Prime Minister Narendra Modi is promoting a strident form of Hindu nativism in India that is challenging women’s rights and marginalizing many of the country’s minorities.

Levinson fellow Astha Rajvanshi spent two years observing the effects across India, mostly during the Covid pandemic. At George Washington University’s Elliott School of International Affairs in Washington DC on Friday, November 18, she reported on her fellowship and took part in a discussion with UC Santa Barbara professor Amit Ahuja and George Washington professor Rollie Lal, moderated by Georgetown professor and Atlantic Council fellow Irfan Nooruddin. The event was organized by ICWA, the Atlantic Council, Onero Institute and George Washington University’s Elliott School.

 

A video of the event to follow soon

Speaker

Astha Rajvanshi spent two years as an Institute of Current World Affairs Levinson fellow traveling across India examining the lives of women and marginalized communities. A graduate of Columbia University’s Stabile Center for Investigative Reporting, she previously worked for The New York Times Magazine. Since wrapping up her fellowship earlier this year, Astha has written freelance from Mumbai, and won New York University’s Matthew Power Literary Reporting Award and a Tiny Foundation Fellowship for Investigative Journalism. She is starting a news writing job with TIME magazine in London this month.

Moderator

Irfan Nooruddin is the Hamad bin Khalifa Al-Thani Professor of Indian Politics in the Edmund A. Walsh School of Foreign Service at Georgetown University in Washington, DC. He works with Lokniti: Programme for Comparative Democracy in New Delhi, India; Samhita Social Ventures in Bombay; and with the South Asia Center of the Atlantic Council in Washington, DC. He studies problems of economic development and globalization, democracy and democratization, and civil conflict and has written several books, including Elections in Hard Times (2016, with T.E. Flores) and The Everyday Crusade (2022, with E.L. McDaniel and A.F. Shortle) published by Cambridge University Press.

Panelist

Amit Ahuja is an Associate Professor of Political Science at the University of California, Santa Barbara, spending the 2022-23 academic year in Washington, DC as a fellow of the Woodrow Wilson International Center for Scholars.

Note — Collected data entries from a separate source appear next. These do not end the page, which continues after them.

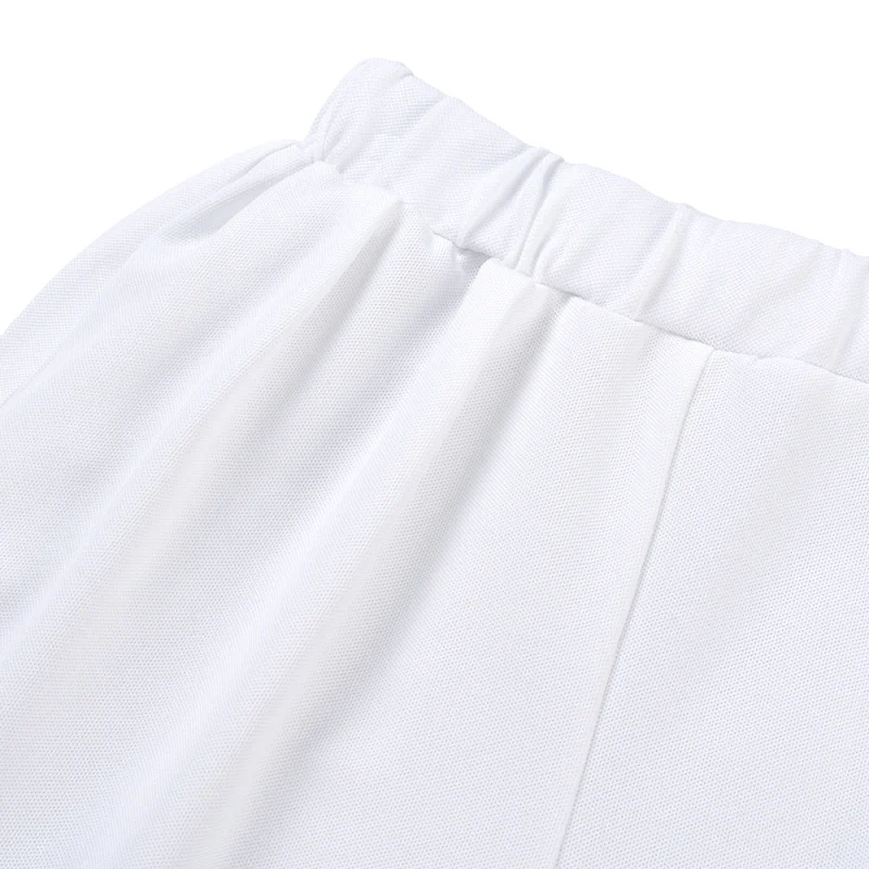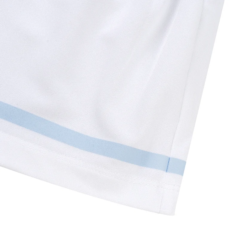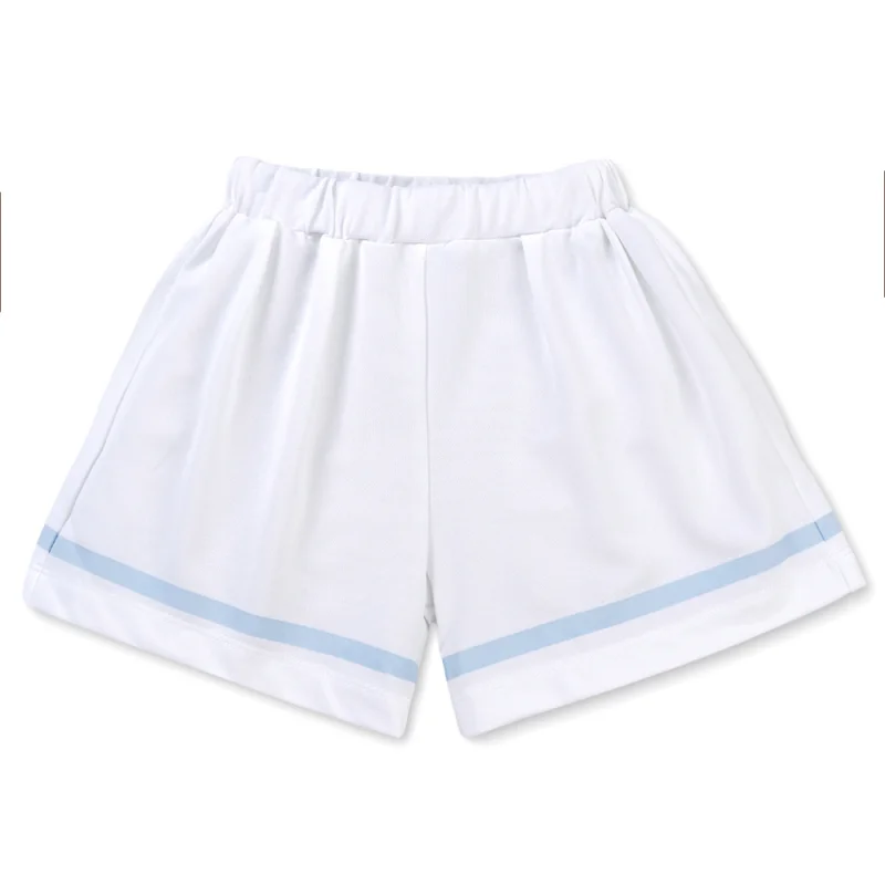 * Quần ngắn màu trắng có viền xanh đồng bộ, thiết kế lưng thun co giãn giúp bé thoải mái vận động cả ngày.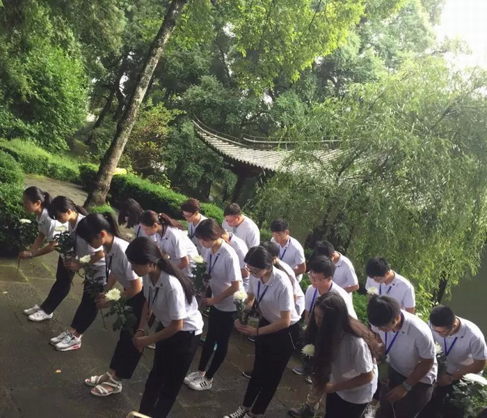 7月28日,万向教育基金项目之“滇西抗战远征行”的师生一行23人怀揣敬仰与谦卑之情,冒雨抵达国殇墓园。在墓园内,全体师生向抗战英烈、盟军阵亡将士敬献鲜花、三鞠躬默哀。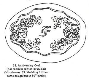 Anniversary Ribbon Oval #25, 24 x 32 based on the artwork of Jeanne Fallier. This pattern is available in another size–see separate listing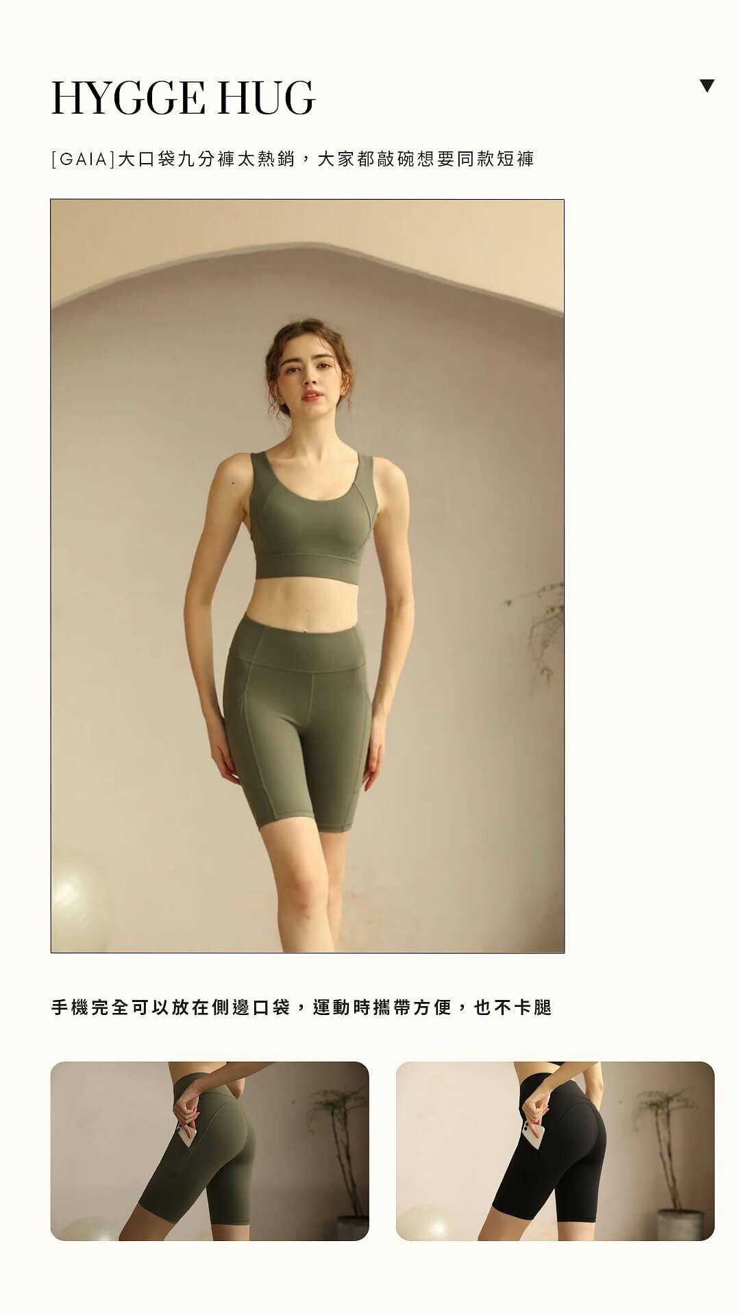 ● [Gaia]大口袋九分褲太熱銷,大家都敲碗想要同款短褲,這件四分褲採用同款布料,獨家四分褲版型,真的超顯瘦
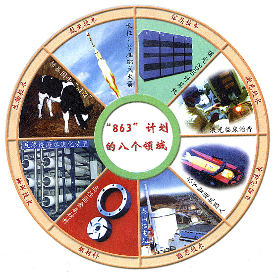 1986年3月提出的863計(jì)劃,在經(jīng)過一百多位科學(xué)家半年多的反復(fù)論證,形成為《863計(jì)劃綱要》,選擇生物技術(shù)、航天技術(shù)、信息技術(shù)、激光技術(shù)、自動化技術(shù)、能源技術(shù)和新材料七個領(lǐng)域作為我國發(fā)展高科技的重點(diǎn),1996年又將海洋高技術(shù)列為計(jì)劃的第八個領(lǐng)域。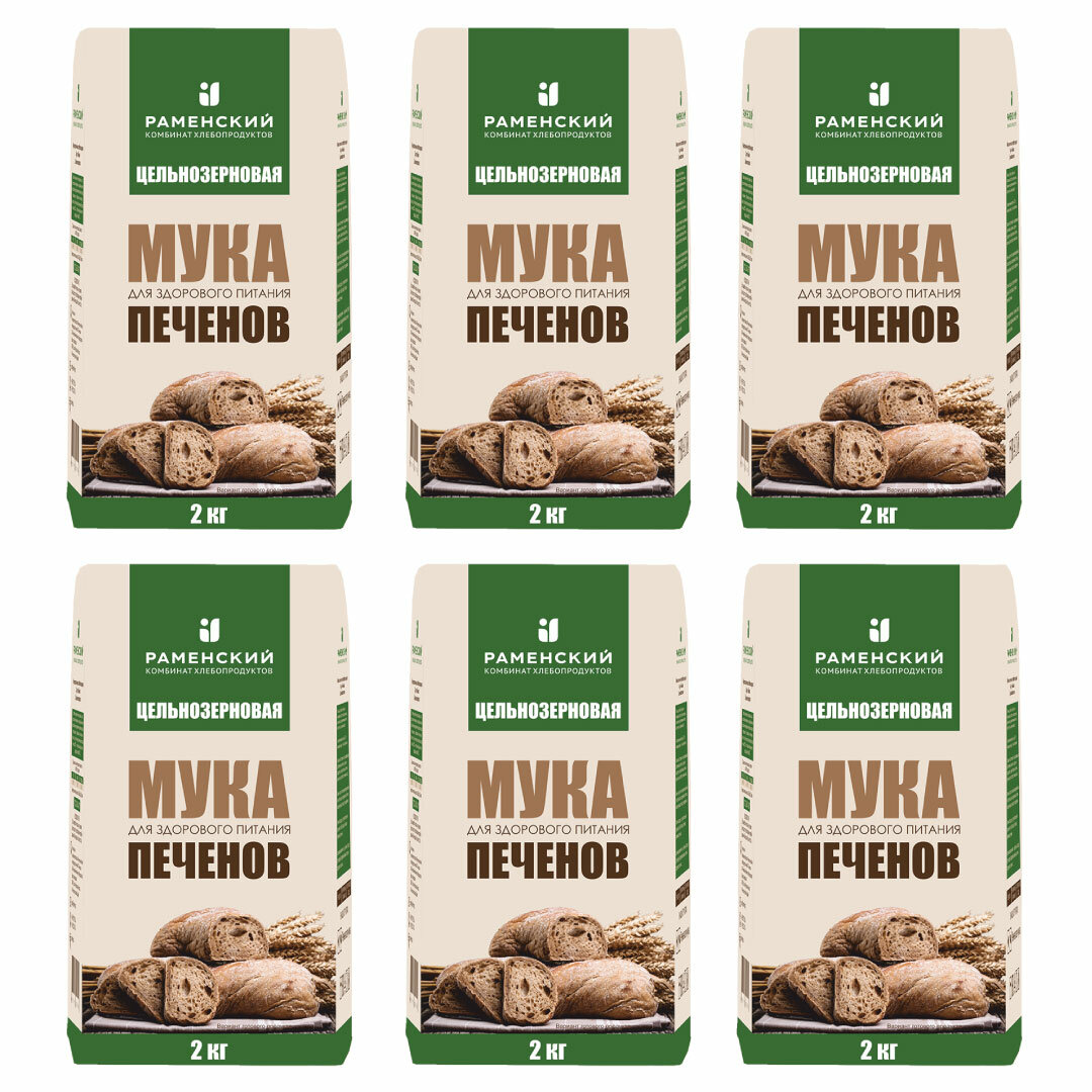Купить Раменский КХП Мука 12 КГ. Цельнозерновая пшеничная хлебопекарная сорт обойная т/м "Печенов".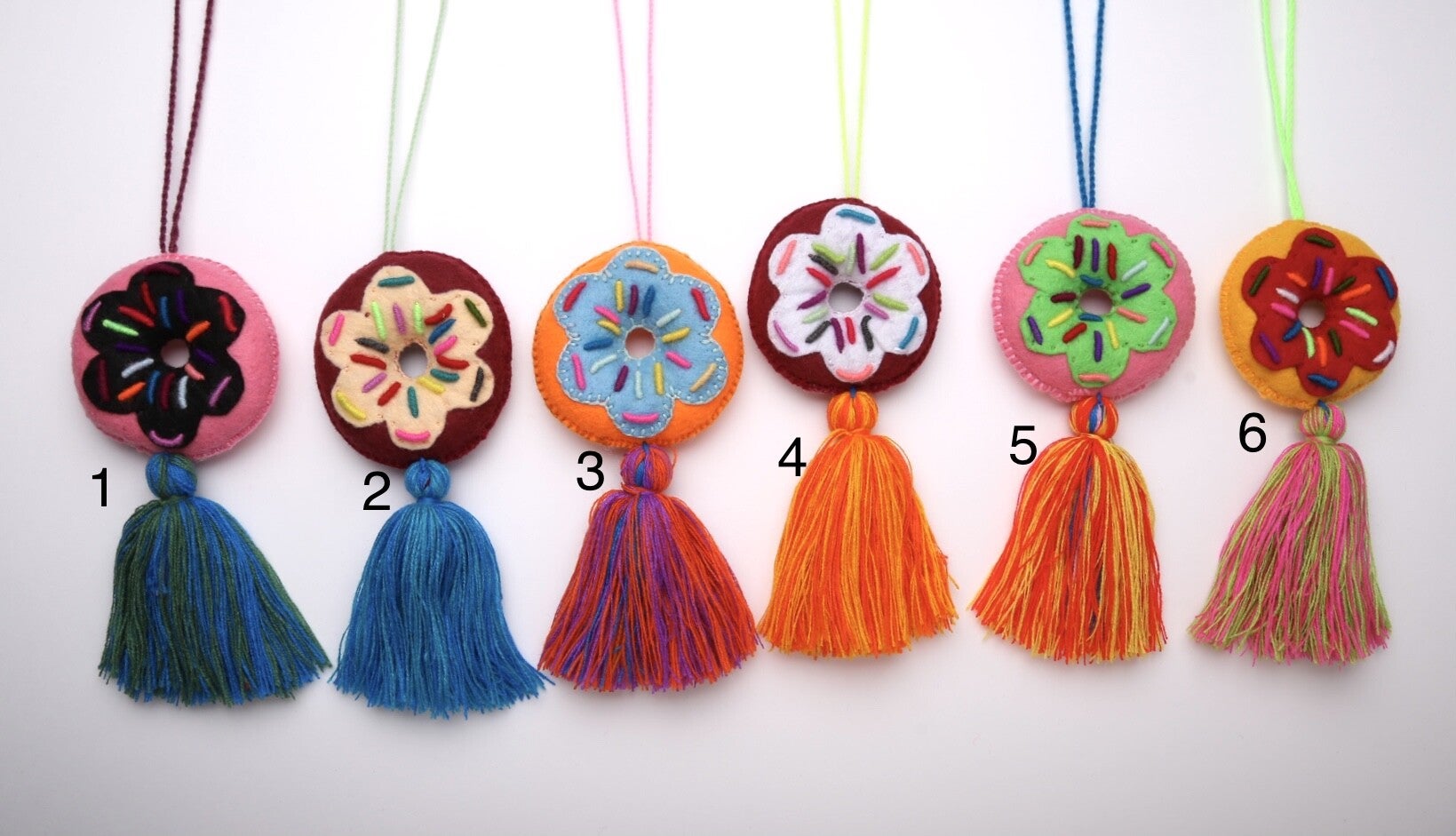 Ben je gek op Donnuts? deze tassels hangers zijn een geweldige accessoire voor je keuken, boodschap tas, rugzak, decoratie van je kamer.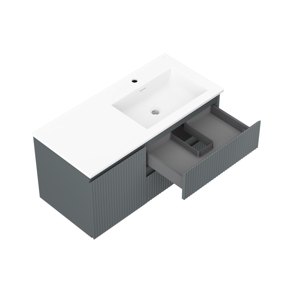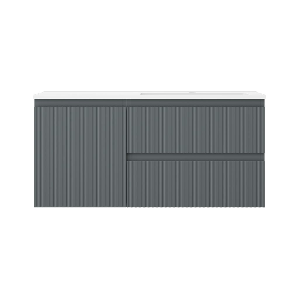 Mexen Rivel, mobilier baie 100 cm cu lavoar Otis dreapta, 2S, 1D, canelat, grafit/alb mat, 91A23-10047-3-BBFFF66-W18P01

His first book book, Mobilizing the Marginalized: Ethnic Parties without Ethnic Movements, published by Oxford University Press, was the winner of the 2020 New India Foundation Kamaladevi Chattopadhyay Book Prize.

Panelist

Rollie Lal is an Associate Professor at the Elliott School of International Affairs, where she teaches graduate courses on transnational security, foreign policy and international political economy. She is also co-chair of the Global Affairs and Religion Network (GARNET). She is the author of several books, including Terrorist Criminal Enterprises, Understanding China and India, and Central Asia and Its Asian Neighbors.